WHAT NEEDS TO BE DONE => An exact copy of all the data, minus the images, is required.

DATA BELOW =>
◆ ◆ ◆ ◆
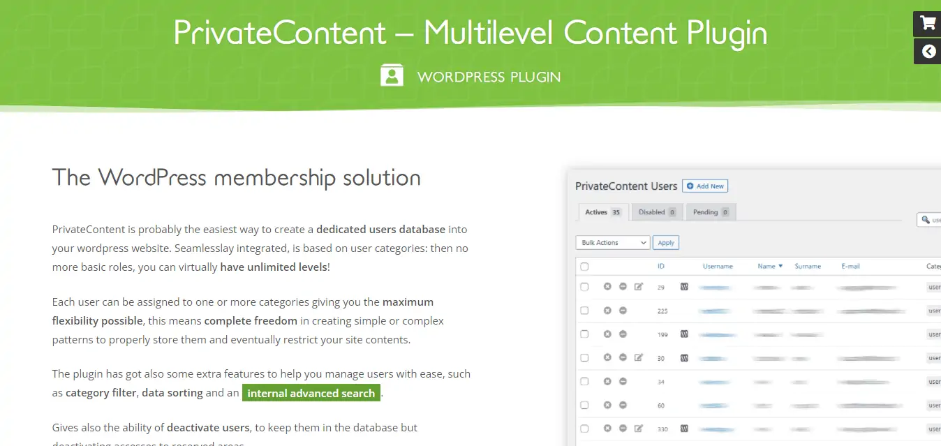 تستطيع هذه الإضافة تحويل موقع الووردبريس الخاص بك إلى موقع عضوية مميز، ويمكنها تقييد المحتوى، كما يعتبرها البعض الإضافة الأصلية للعضوية في ووردبريس، وقد تم تثبيتها حتى الآن على أكثر من 80 ألف موقع وآخر تحديث لها كان منذ ثلاثة أيام فقط وقت كتابة هذا المقال، ومن أهم ميزاتها ما يلي:
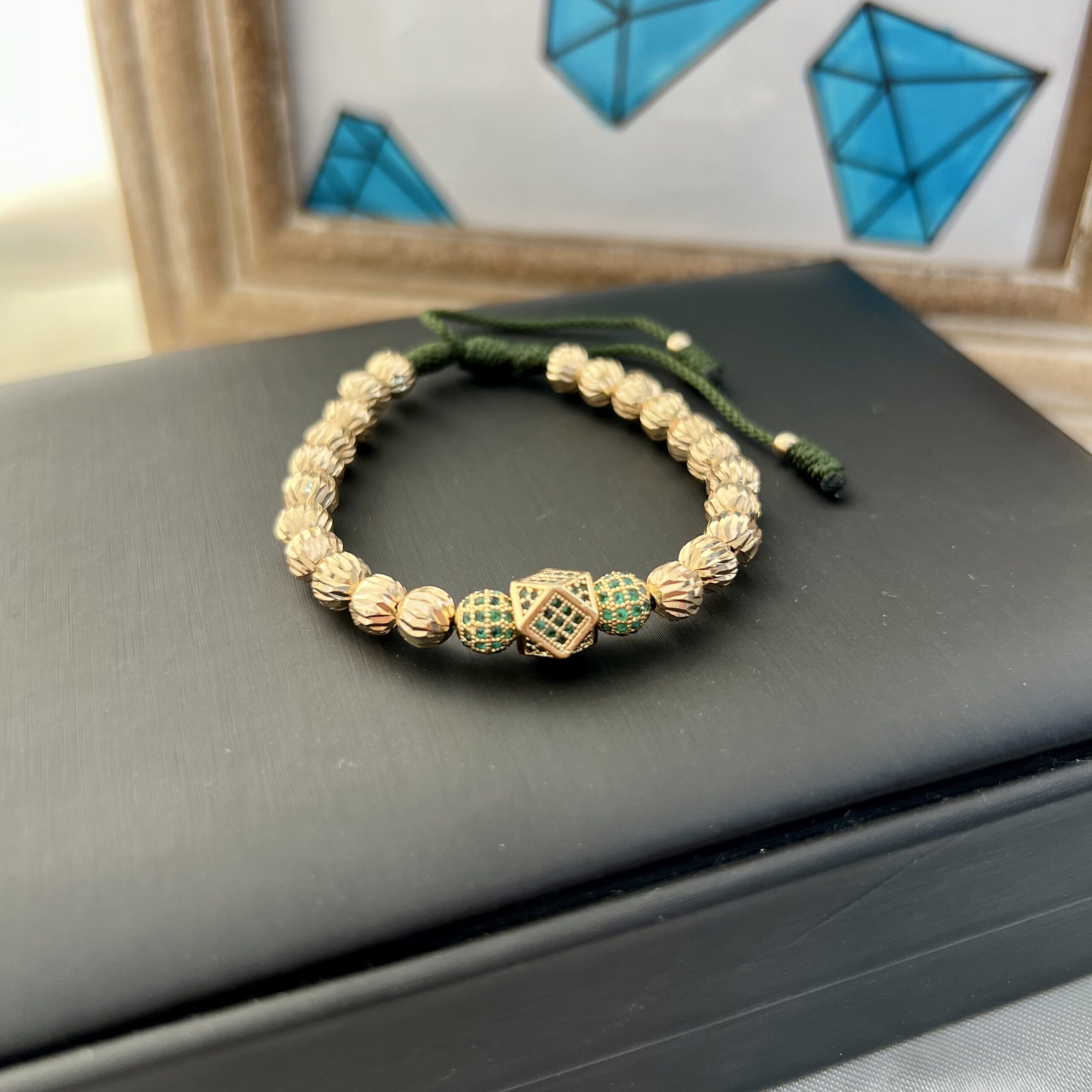 La Pulsera Luxury LP014 es una auténtica declaración de estilo para quienes buscan un accesorio audaz y refinado. Su herraje rondel rombo de 8mm, engalanado con circonias, actúa como el centro de atención, ofreciendo destellos elegantes en cada movimiento. Dos unidades del herraje bola de fuego de 8mm inyectan energía y dinamismo, simbolizando la pasión y el poder del fuego. La pieza se enriquece con 22 balines diamantados macizos de 8mm en oro laminado 18K, que capturan la luz de manera impactante, mientras que las punteras en balín liso de 4mm aseguran un acabado impecable y sofisticado. Finalmente, el hilo terlenca en verde militar no solo garantiza un ajuste perfecto, sino que también añade un carácter robusto y moderno a la joya. Ideal para realzar cualquier atuendo, esta pulsera es la elección perfecta para quienes desean expresar su fuerza y estilo único. ¡Atrévete a destacar con la Pulsera Luxury LP014 y deja que su brillo y actitud transformen tu imagen!
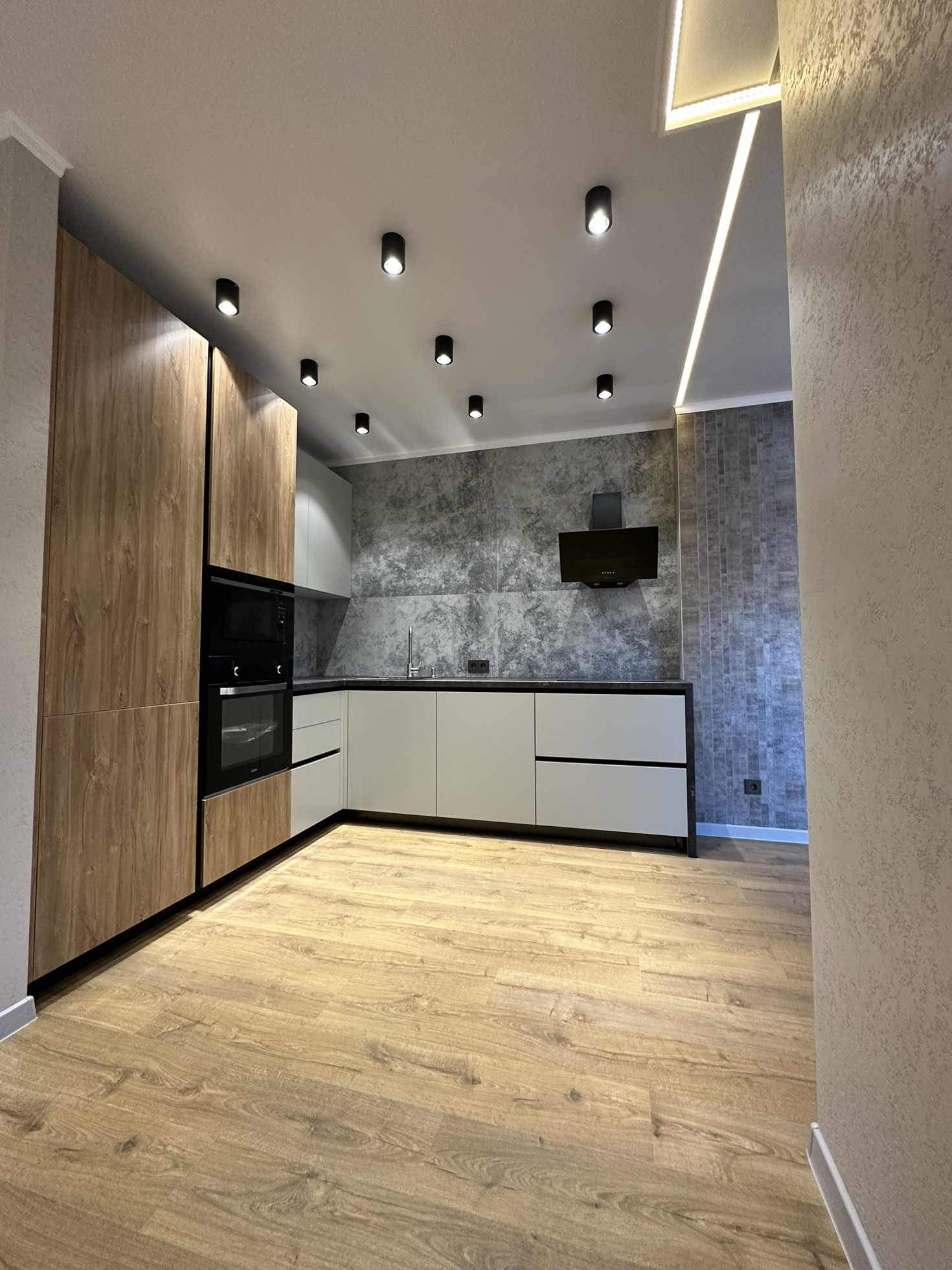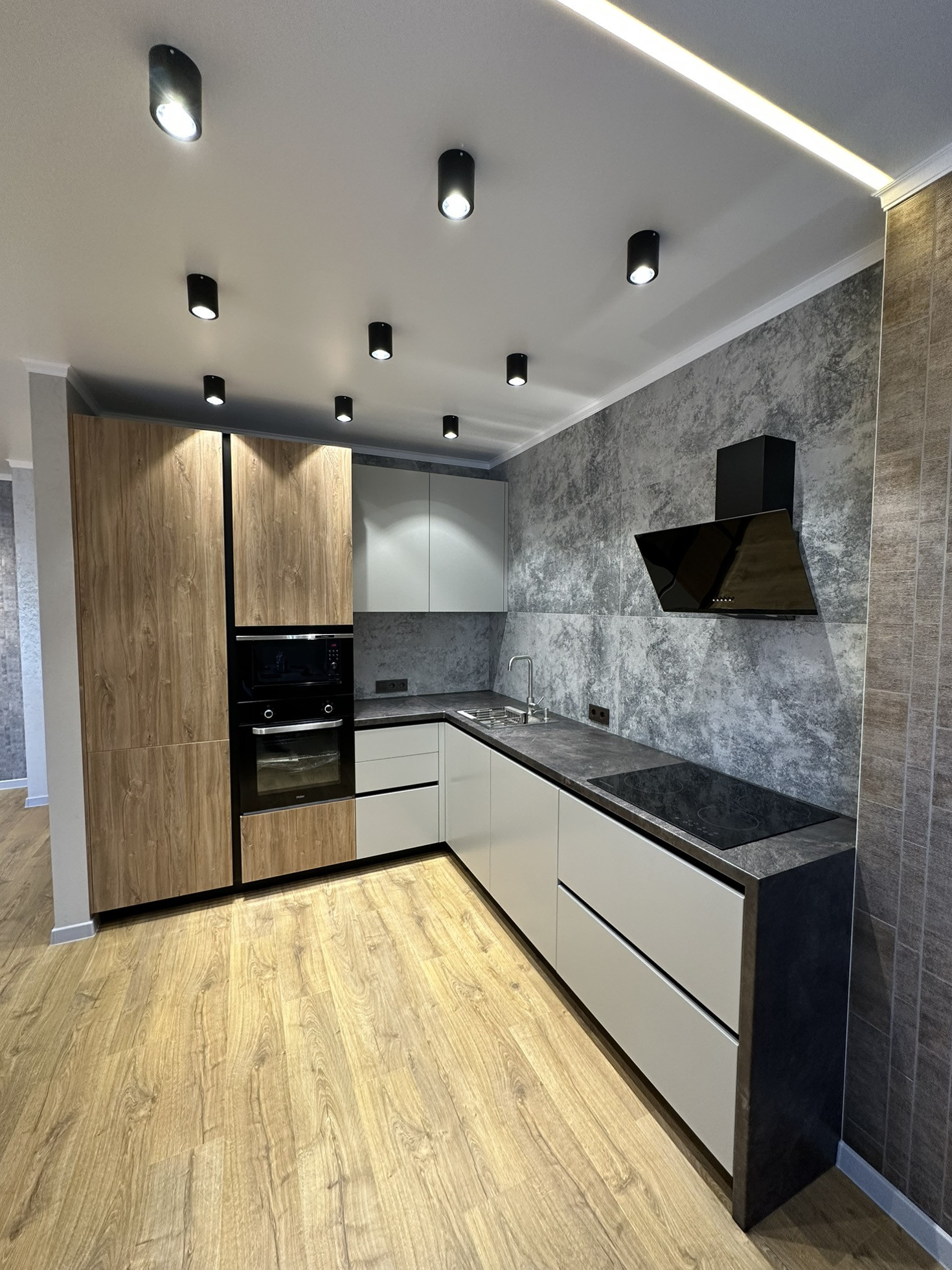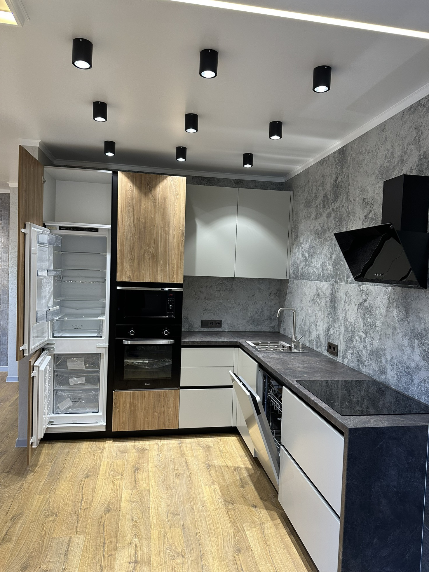 Современная кухня, крашенные фасады (эмаль), фурнитура и выдвижные ящики Blum, фартук из крупноформатного керамогранита, посудомойка с автооткрыванием, вся необходимая встраиваемая техника лучших брендов!
◆ ◆ ◆ ◆
ANSWER FOR THE TASK =>
 تستطيع هذه الإضافة تحويل موقع الووردبريس الخاص بك إلى موقع عضوية مميز، ويمكنها تقييد المحتوى، كما يعتبرها البعض الإضافة الأصلية للعضوية في ووردبريس، وقد تم تثبيتها حتى الآن على أكثر من 80 ألف موقع وآخر تحديث لها كان منذ ثلاثة أيام فقط وقت كتابة هذا المقال، ومن أهم ميزاتها ما يلي:
 La Pulsera Luxury LP014 es una auténtica declaración de estilo para quienes buscan un accesorio audaz y refinado. Su herraje rondel rombo de 8mm, engalanado con circonias, actúa como el centro de atención, ofreciendo destellos elegantes en cada movimiento. Dos unidades del herraje bola de fuego de 8mm inyectan energía y dinamismo, simbolizando la pasión y el poder del fuego. La pieza se enriquece con 22 balines diamantados macizos de 8mm en oro laminado 18K, que capturan la luz de manera impactante, mientras que las punteras en balín liso de 4mm aseguran un acabado impecable y sofisticado. Finalmente, el hilo terlenca en verde militar no solo garantiza un ajuste perfecto, sino que también añade un carácter robusto y moderno a la joya. Ideal para realzar cualquier atuendo, esta pulsera es la elección perfecta para quienes desean expresar su fuerza y estilo único. ¡Atrévete a destacar con la Pulsera Luxury LP014 y deja que su brillo y actitud transformen tu imagen!
 Современная кухня, крашенные фасады (эмаль), фурнитура и выдвижные ящики Blum, фартук из крупноформатного керамогранита, посудомойка с автооткрыванием, вся необходимая встраиваемая техника лучших брендов!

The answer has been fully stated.